To stitch back in a couple of Deputy Aird’s questions around how we can help the food supply chain, because food is really important, if we want to take an example of big creamery, co-op or food processing companies producing milk, cheese or whatever, they need this gas because they need the high level. Typically, it will go through the gas network because it is on such a scale. The output from those plants would be injected into the gas system and they will operate as larger plants. Typically, on a farm scale, plants will be targeting the farm's own demand or perhaps some localised adjacent demand from near neighbours or whomever else. Farms might come together in a small grouping. That is a totally different investment.
My argument is that we would need a certain percentage of the larger scale ones to supply the gas into the gas grid. Gas Networks Ireland has a target of 20% renewable gas by 2030. The Government policy on biomethane or the biomethane strategy targets 5 TWh. I would say that is low and that it should be higher, but at least it is a start. It has been almost a year and a half since that strategy was launched. The initial capital grant programme had caps and limits. Fundamentally, however, if a floor price is provided for that industrial-scale gas, we will see these plants financed, go through the development process and be delivered. They will go through the proper community engagement processes, as alluded to by our colleagues earlier. Farm-scale production is very much about better using the existing resource. If the gas produced in the end supports the farmer producing the raw material and the industrial gas production supports the processor, the co-op or the creamery, etc., and we get the whole farm-to-food supply chain reduced in terms of emissions, then there is a double benefit. We tackle our energy target and reduce emissions from agriculture.

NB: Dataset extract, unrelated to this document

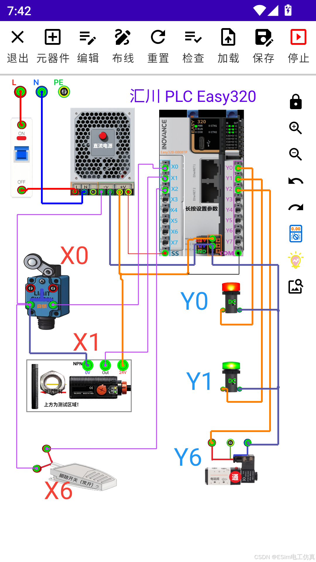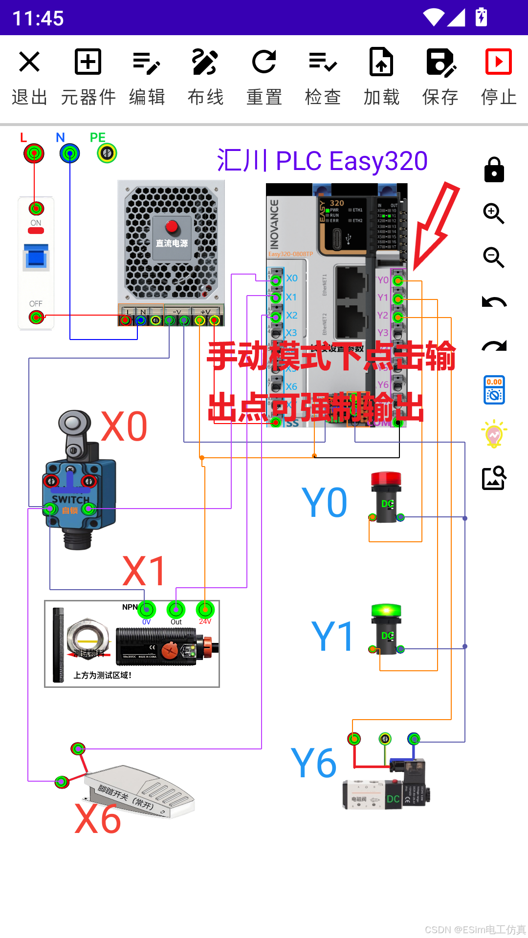 本软件内置超过100种高精度元器件模型,涵盖按钮、继电器、接触器、断路器、传感器(支持PNP/NPN切换)、安全继电器、万用表等常用元件,并特别引入了对国产主流工控设备的仿真支持,如汇川PLC(Easy320)和汇川变频器(MD200),力求贴近国内工业实际应用场景,助力用户熟悉国产设备操作,服务本土技术人才培养。

To me, it is a no-brainer. In terms of the money and resources, studies have been completed - and I will be happy to circulate them after this meeting to the committee, if that is of value - looking at area-based production. I do not want to get into the finances. I am not the financer or the person doing the numbers. From an agricultural perspective, I will reflect on the German example I gave. From 2008 to 2012 in Germany, whether it was photovoltaic, PV, solar panels being put on the roofs of farm sheds or a combined heat and power, CHP, unit adjacent to farm-based production, a free grid connection for electricity was provided by the German Government. At the moment, we cannot get a connection for our colleague here to get repaid for his energy.